Starting from the line in which "24.00.08.88 | 检测出未处理样本打包上报" appears, set down each line exactly through the end of the listing, and nothing else. Leave out pictures.

*Given material*:
# # # # #
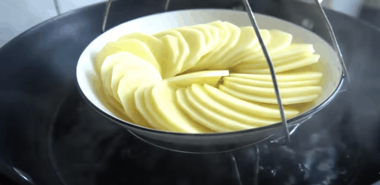Ziemniaka umyj, obierz i pokrój w cienkie talarki. Gotuj na parze lub w wodzie przez ok. 20 minut, do miękkości.
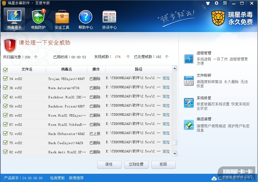 | 4 | 200 | 173(实际检测174) | 26 | 86.5% | 24.00.08.88 | 检测出未处理样本打包上报
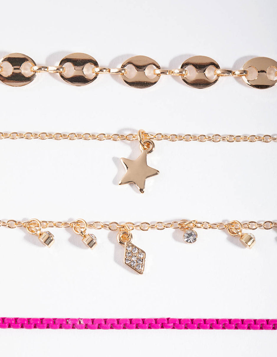 Give your outfit a playful flair with these fun bracelet and anklet pack! The set includes four pieces, one a vivid matte pink and three gold-toned chains. Each has a different design, making them perfect for layering. They can be worn on your wrist on ankle, wear them to complete a funky look!
# # # # #
*Task solution*:
 | 4 | 200 | 173(实际检测174) | 26 | 86.5% | 24.00.08.88 | 检测出未处理样本打包上报
 Give your outfit a playful flair with these fun bracelet and anklet pack! The set includes four pieces, one a vivid matte pink and three gold-toned chains. Each has a different design, making them perfect for layering. They can be worn on your wrist on ankle, wear them to complete a funky look!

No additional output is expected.